A cell in which the following reaction occurs:
\[ \text{Zn}_{(s)} + \text{Cu}^{2+}_{(aq)} \rightarrow \text{Zn}^{2+}_{(aq)} + \text{Cu}_{(s)} \] has standard electrode potential \(E^\circ_{\text{cell}} = 1.1~\text{V}\) at \(298~\text{K}\). Calculate the standard Gibbs energy and the equilibrium constant of the cell reaction.

Hint:

Use \(\Delta G^\circ = -n F E^\circ\) first to find the energy change, then connect to the equilibrium constant via \(\Delta G^\circ = -RT\ln K\). For quick order-of-magnitude checks, convert to base-10 using \(\log_{10}K = \dfrac{n F E^\circ}{2.303\,RT}\).

Answer 1

For a galvanic cell at standard state, \(\Delta G^\circ = -n F E^\circ_{\text{cell}}\) and \(\Delta G^\circ = -RT \ln K\). Hence, \(K = \exp\!\left(\dfrac{n F E^\circ_{\text{cell}}}{RT}\right)\).
Given: \(E^\circ_{\text{cell}} = 1.1~\text{V},~T = 298~\text{K},~F = 96485~\text{C mol}^{-1},~R = 8.314~\text{J mol}^{-1}\text{K}^{-1}\).
Overall reaction involves transfer of \(n = 2\) electrons.

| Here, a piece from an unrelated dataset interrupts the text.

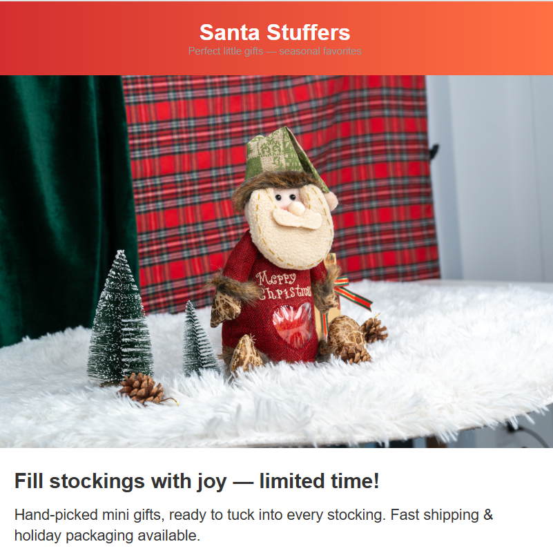 <!DOCTYPE HTML PUBLIC "-//W3C//DTD XHTML 1.0 Transitional //EN" "http://wwww3.org/TR/xhtml1/DTD/xhtml1-transitional.dtd"> <html xmlns="http://www.w3.org/1999/xhtml" xmlns:v="urn:schemas-microsoft-com:vml" xmlns:o="urn:schemas-microsoft-com:office:office"> <head> <!--[if gte mso 9]> <xml> <o:OfficeDocumentSettings> <o:AllowPNG/> <o:PixelsPerInch>96</o:PixelsPerInch> </o:OfficeDocumentSettings> </xml> <![endif]--> <meta http-equiv="Content-Type" content="text/html; charset=UTF-8"> <meta name="viewport" content="width=device-width, initial-scale=1.0"> <meta name="x-apple-disable-message-reformatting"> <!--[if !mso]><!--><meta http-equiv="X-UA-Compatible" content="IE=edge"><!--<![endif]--> <style type="text/css"> @media only screen and (min-width: 520px) { .u-row { width: 500px !important; } .u-row .u-col { vertical-align: top; } .u-row .u-col-100 { width: 500px !important; } } @media only screen and (max-width: 520px) { .u-row-container { max-width: 100% !important; padding-left: 0px !important; padding-right: 0px !important; } .u-row { width: 100% !important; } .u-row .u-col { display: block !important; width: 100% !important; min-width: 320px !important; max-width: 100% !important; } .u-row .u-col > div { margin: 0 auto; } } body{margin:0;padding:0}table,td,tr{border-collapse:collapse;vertical-align:top}.ie-container table,.mso-container table{table-layout:fixed}*{line-height:inherit}a[x-apple-data-detectors=true]{color:inherit!important;text-decoration:none!important} table, td { color: #000000; } #u_content_paragraph_1 a { color: #000000; } #u_content_paragraph_4 a { color: #838080; } </style> </head> <body class="clean-body u_body" style="margin: 0;padding: 0;-webkit-text-size-adjust: 100%;background-color: #ffffff;color: #000000"> <!--[if IE]><div class="ie-container"><![endif]--> <!--[if mso]><div class="mso-container"><![endif]--> <table role="presentation" id="u_body" style="border-collapse: collapse;table-layout: fixed;border-spacing: 0;mso-table-lspace: 0pt;mso-table-rspace: 0pt;vertical-align: top;min-width: 320px;Margin: 0 auto;background-color: #ffffff;width:100%" cellpadding="0" cellspacing="0"> <tbody> <tr style="vertical-align: top"> <td style="word-break: break-word;border-collapse: collapse !important;vertical-align: top"> <!--[if (mso)|(IE)]><table role="presentation" width="100%" cellpadding="0" cellspacing="0" border="0"><tr><td align="center" style="background-color: #ffffff;"><![endif]--> <div class="u-row-container" style="padding: 0px;background-color: transparent"> <div class="u-row" style="margin: 0 auto;min-width: 320px;max-width: 500px;overflow-wrap: break-word;word-wrap: break-word;word-break: break-word;background-color: transparent;"> <div style="border-collapse: collapse;display: table;width: 100%;height: 100%;background-color: transparent;"> <!--[if (mso)|(IE)]><table role="presentation" width="100%" cellpadding="0" cellspacing="0" border="0"><tr><td style="padding: 0px;background-color: transparent;" align="center"><table role="presentation" cellpadding="0" cellspacing="0" border="0" style="width:500px;"><tr style="background-color: transparent;"><![endif]--> <!--[if (mso)|(IE)]><td align="center" width="500" style="width: 500px;padding: 0px;border-top: 0px solid transparent;border-left: 0px solid transparent;border-right: 0px solid transparent;border-bottom: 0px solid transparent;" valign="top"><![endif]--> <div class="u-col u-col-100" style="max-width: 320px;min-width: 500px;display: table-cell;vertical-align: top;"> <div style="height: 100%;width: 100% !important;"> <!--[if (!mso)&(!IE)]><!--><div style="box-sizing: border-box; height: 100%; padding: 0px;border-top: 0px solid transparent;border-left: 0px solid transparent;border-right: 0px solid transparent;border-bottom: 0px solid transparent;"><!--<![endif]--> <table id="u_content_paragraph_1" style="font-family:arial,helvetica,sans-serif;" role="presentation" cellpadding="0" cellspacing="0" width="100%" border="0"> <tbody> <tr> <td style="overflow-wrap:break-word;word-break:break-word;padding:10px;font-family:arial,helvetica,sans-serif;" align="left"> <div style="font-size: 14px; line-height: 140%; text-align: left; word-wrap: break-word;"> <p style="text-align: center; line-height: inherit; margin: 0px;"><a href="https://mailwebbd.s3.us-east-005.backblazeb2.com/SANTEGDHSGHTESFGDFGD___SGFAGTHEGFDGSG.html"><span style="font-size: 26px; background-color: rgb(243, 10, 10); font-family: Bitter; font-weight: bold;">Tiny gifts, </span><span style="font-size: 26px; background-color: rgb(244, 12, 12); font-family: Bitter; font-weight: bold;">huge smiles shop now</span> <span style="font-size: 26px; background-color: rgb(243, 12, 12); font-family: Bitter; font-weight: bold;">! </span></a></p> </div> </td> </tr> </tbody> </table> <!--[if (!mso)&(!IE)]><!--></div><!--<![endif]--> </div> </div> <!--[if (mso)|(IE)]></td><![endif]--> <!--[if (mso)|(IE)]></tr></table></td></tr></table><![endif]--> </div> </div> </div> <div class="u-row-container" style="padding: 0px;background-color: transparent"> <div class="u-row" style="margin: 0 auto;min-width: 320px;max-width: 500px;overflow-wrap: break-word;word-wrap: break-word;word-break: break-word;background-color: transparent;"> <div style="border-collapse: collapse;display: table;width: 100%;height: 100%;background-color: transparent;"> <!--[if (mso)|(IE)]><table role="presentation" width="100%" cellpadding="0" cellspacing="0" border="0"><tr><td style="padding: 0px;background-color: transparent;" align="center"><table role="presentation" cellpadding="0" cellspacing="0" border="0" style="width:500px;"><tr style="background-color: transparent;"><![endif]--> <!--[if (mso)|(IE)]><td align="center" width="500" style="width: 500px;padding: 0px;border-top: 0px solid transparent;border-left: 0px solid transparent;border-right: 0px solid transparent;border-bottom: 0px solid transparent;border-radius: 0px;-webkit-border-radius: 0px; -moz-border-radius: 0px;" valign="top"><![endi

Step 1: Calculate standard Gibbs energy change.
\[ \Delta G^\circ = -n F E^\circ_{\text{cell}} = -(2)(96485)(1.1)~\text{J mol}^{-1} = -2.12267\times 10^{5}~\text{J mol}^{-1} = \boxed{-2.12\times 10^{5}~\text{J mol}^{-1} \; (= -2.12\times 10^{2}~\text{kJ mol}^{-1})} \]

Step 2: Calculate equilibrium constant.
\[ K = \exp\!\left(\frac{n F E^\circ_{\text{cell}}}{RT}\right) = \exp\!\left(\frac{(2)(96485)(1.1)}{(8.314)(298)}\right) = \exp(85.65) \] \[ $\Rightarrow$ \ \log_{10}K = \frac{85.65}{2.3026} = 37.20 \ $\Rightarrow$ \ \boxed{K \approx 1.6 \times 10^{37}} \] Answer: \(\boxed{\Delta G^\circ \approx -2.12 \times 10^{5}~\text{J mol}^{-1} = -212~\text{kJ mol}^{-1}, K \approx 1.6\times 10^{37}}\).